Experimental read-outs for 3.1, 3.2, 3.3 and 3.4:

- Tumor volume (timepoint: every 3 days): as in Example 8
- Mice healthy status (timepoint daily): as in Example 8
- Flow cytometry analysis (timepoint: end of experiment): as in Example 8

Safety parameters (timepoint: just before tumor cell injection, at the end of experiment):

Blood samples are taken for differential blood-cell counts, hematologic analysis, serum biochemistry and potential bacterial translocation. Additional indicators are checked, such as spleen-weight index, hepatic enzymes (e.g. ALAT, ASAT and bilirubin), kidney values (e.g. serum creatinine and urea), serum lactate and serum glucose. Histology is performed from colon, liver, kidney, lung and heart at the end of the experiment.

Example 10

Test Tumor Eradication and Immune Memory in CRC and/or Melanoma and/or Breast and/or Lung Mouse Models

Description of Study

Having validated the potency of GBX and GCX in the control of tumor growth in previous studies, this study aims to demonstrate significant enhanced overall survival and complete tumor regression, defined as no or negligible detectable tumors at the end of the study period in mice treated with the lead candidate. Using a subcutaneous CRC and/or melanoma and/or breast and/or lung mouse models, Applicant tests GBX and GCX applied within the regular mouse food or water and record tumor growth until study termination criteria are reached (e.g., tumor volume, body weight loss, health status). Mice with complete regression are rechallenged with tumor cells to demonstrate the development of immunologic memory.

The following are performed:

- 4.1: Tumor eradication and survival
- 4.2: Rechallenge of mice with complete regression
- 4.3: Rechallenge of mice receiving allogeneic transplant

Description of Activities
4.1: Tumor Eradication and Survival.

Survival and tumor eradication are assessed in mice receiving the anti-tumor treatment. Treatment is performed in a therapeutical way (start of treatment 6 days post tumor cell injection) in absence/presence of ICI mAb.

The following animal groups are compared (n=15 mice per group):

Groups

Negative control (control mAb isotype)

GBX or GCX (+ ICI)

* The anti-PD1 antibody nivolumab is used as immune checkpoint inhibitor (ICI).

4.2: Rechallenge of Mice with Complete Regression.

For the tumor rechallenge study, mice that were tumor-free after treatment in 4.1 receive an injection of tumor cells 14 days after the last treatment day. These mice are compared to tumor-naive and treatment-naive control mice and to tumor-naïve mice that had previously received the treatment. The number of mice included into the rechallenge studies is dependent on the number of complete responders for each individual task (control mice n=10).

Groups

Tumor-naive and treatment-naive mice

(negative control) − n = 10

Tumor-naive mice that had previously

received the treatment

(negative control) − n = 10

Mice with complete regression

4.3: Rechallenge of Mice Receiving Allogeneic Transplant.
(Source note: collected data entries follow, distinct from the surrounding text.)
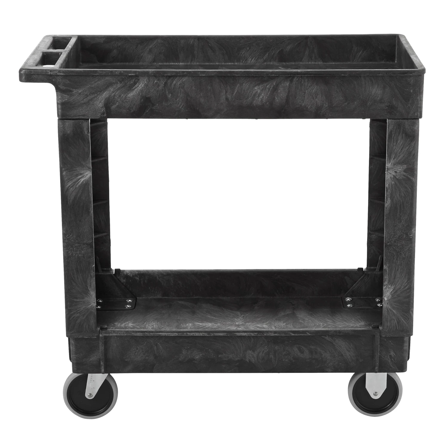 This black 2‐shelf utility cart features sturdy, lightweight structural foam construction that Will Not rust, chip, dent or peel, making it good for use in any work environment. It’s rounded corners protect your wall and furniture, and its large, 4″ non‐marking swivel casters are easy on your floor and give the cart good maneuverability.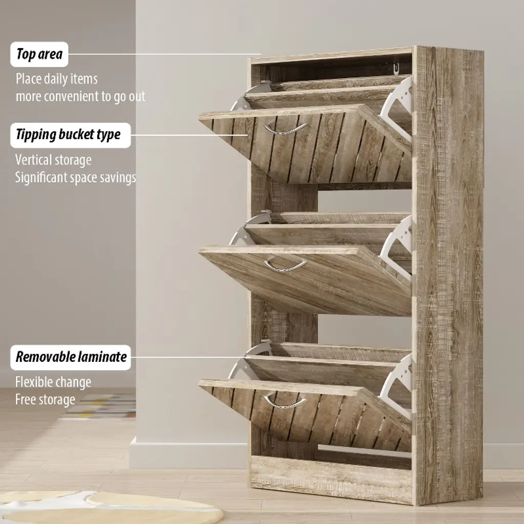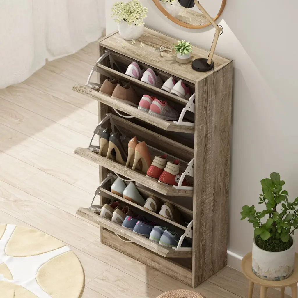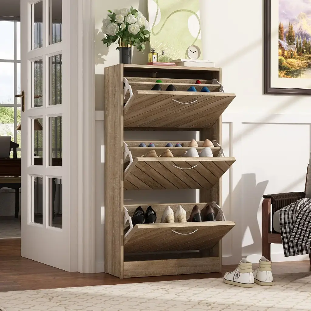 Famapy Brown Woodgrain 3 Drawer Flip Up Shoe Cabinet Openwork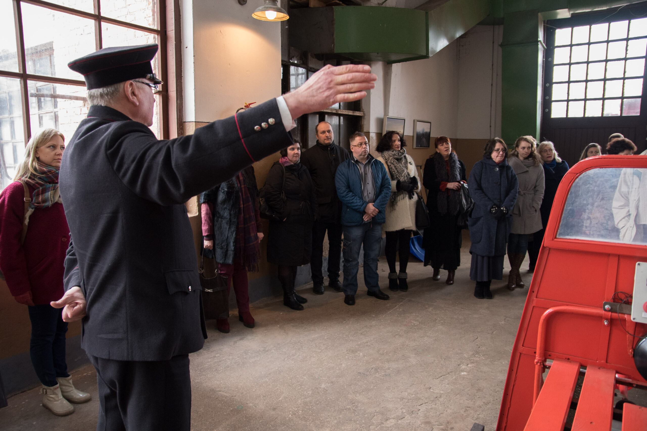 Geležinkeliečio uniforma pasipuošęs Aukštaitijos siaurojo geležinkelio Kelionių organizavimo skyriaus vadovas Gintaras Šileikis supažindino šventės dalyvius su siaurojo geležinkelio istorija, svarbiais įvykiais bei faktais, garvežinėje aprodė techniką.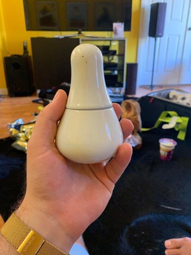 Ответ: «Выкручиватель разбитых лампочек, который обезопасит ваши руки»16. «Я нашла это среди старых инструментов деда. Что это такое?»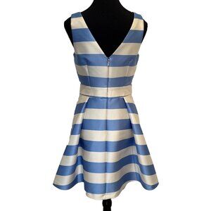 Topshop Blue White Stripe Cutout Mini Dress Size 6 Fitted Sleeveless V-Neck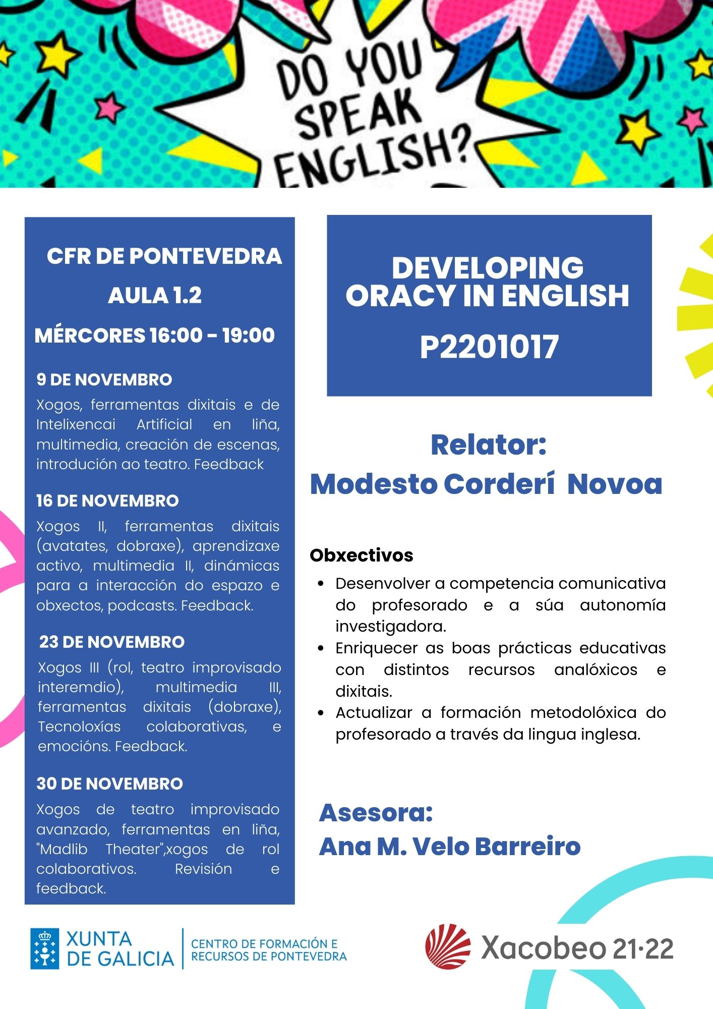 Actividade de formación que fomenta o desenvolvemento da competencia comunicativa en lingua inglesa.
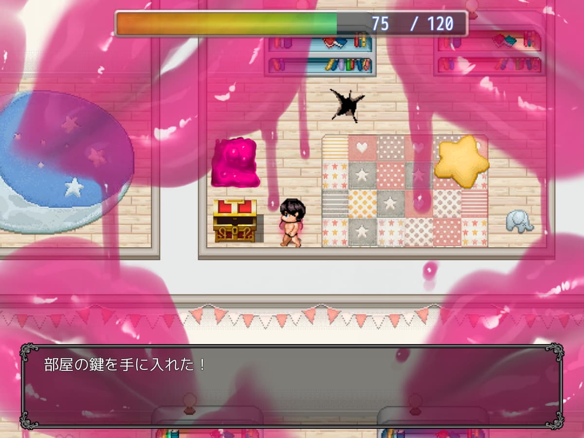 オブジェクトを破壊するアクションで雑魚敵のリップやインプは倒すことが可能です。接触するとエロシーンになりますが、攻撃エフェクトを発生させすぐに引くというテクニックで被弾を避けつつ撃破が可能です。レベルが上がると体力が増加して鬼ごっこも楽になるので適度に経験値の入手しつつゲームを進めましょう。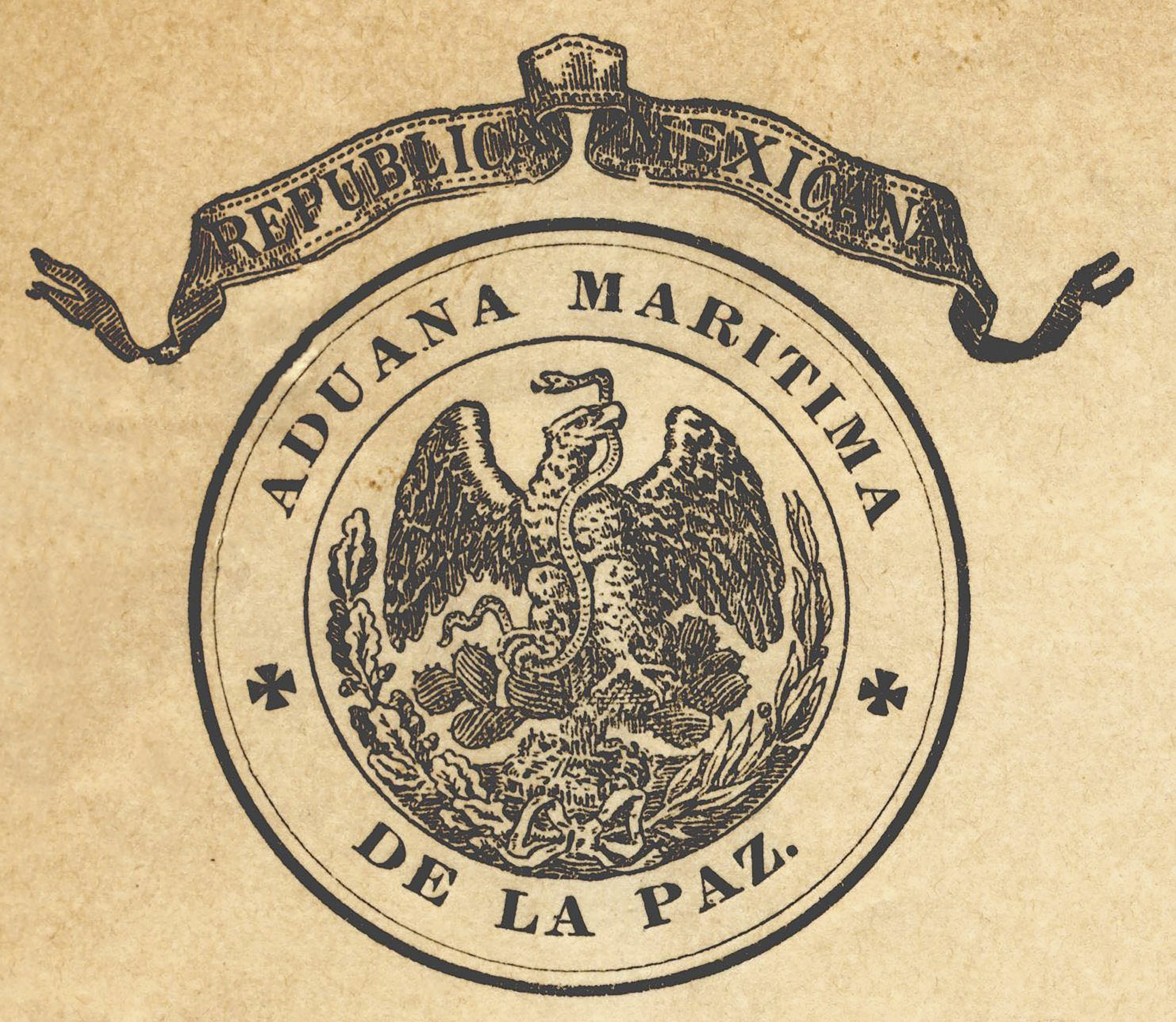 Escudo de la República Mexicana, correspondiente a la aduana marítima de La Paz, en el año de 1897.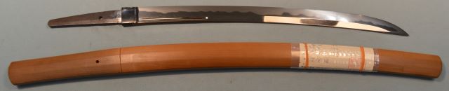 1-12★室町時代寸延べ短刀(登録脇差)、研上り白鞘、平造り、 銅/銀着ハバキ、小互の目乱れ。 銘「備州長船勝光・大永二年八月日」(未鑑定) 室町時代寸延べ短刀 白鞘 銘「備州長船勝光」在銘 大奉仕 14万円(税込154,000円)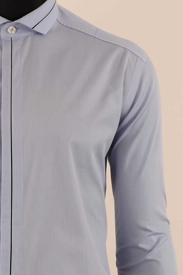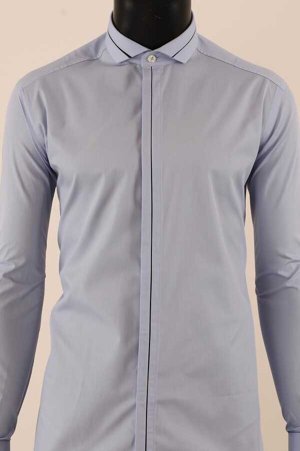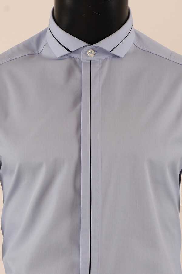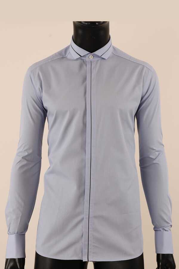 Uzun Kol Slim Fit Damatlık Mavi Gömlek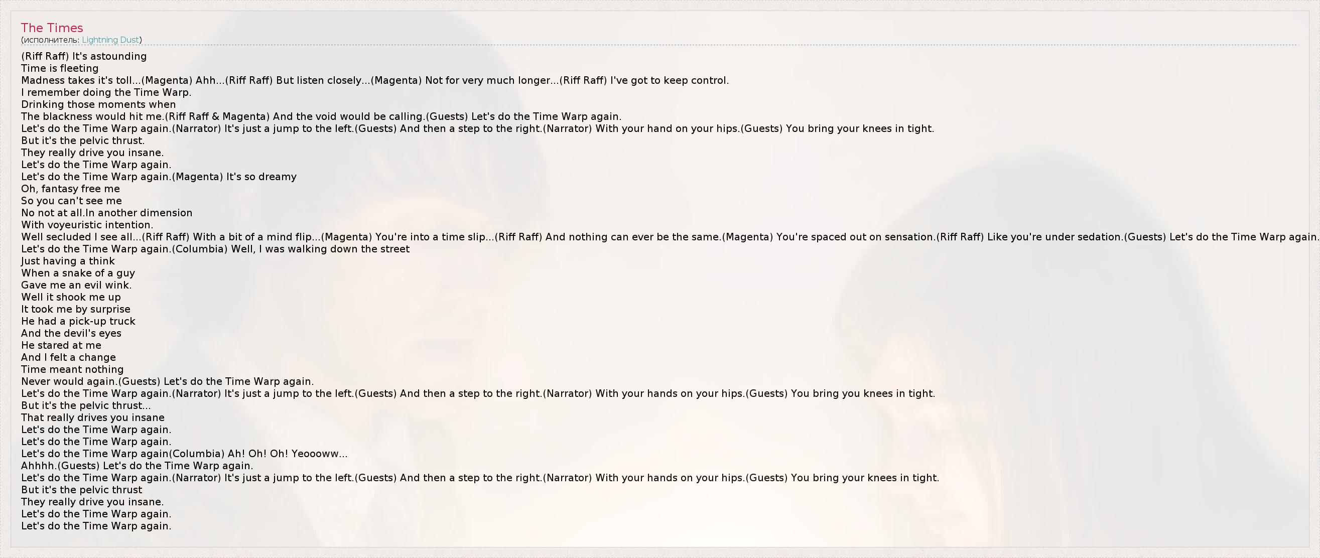 Never would again.(Guests) Let's do the Time Warp again.

In this rechallenge study, only RAG−/− mice are used (do not contain mature B and T lymphocytes). Tumor-naive and treatment-naive mice receive an allogeneic transplant of CD8 T cells isolated from tumors and lymph nodes from responding mice. Control groups consist in tumor-naive and treatment-naive control mice and tumor-naive and treatment-naive control mice receiving CD8 T cells isolated from tumors and lymph nodes from treatment naive mice.

Groups

Tumor-naive and treatment-naive mice

(negative control) − n = 10

Tumor-naive and treatment-naive mice + CD8 T cells

from treatment-naive mice (negative control) − n = 10

Tumor-naive and treatment-naive mice + CD8 T

cells isolated from responding mice − n = 10

Experimental Read-Outs for 4.1, 4.2 and 4.3:

Kaplan-Meier survival curve (timepoint: every day): the effect of the treatment is assessed by measuring the number of subjects survived or saved after the treatment over a period of time.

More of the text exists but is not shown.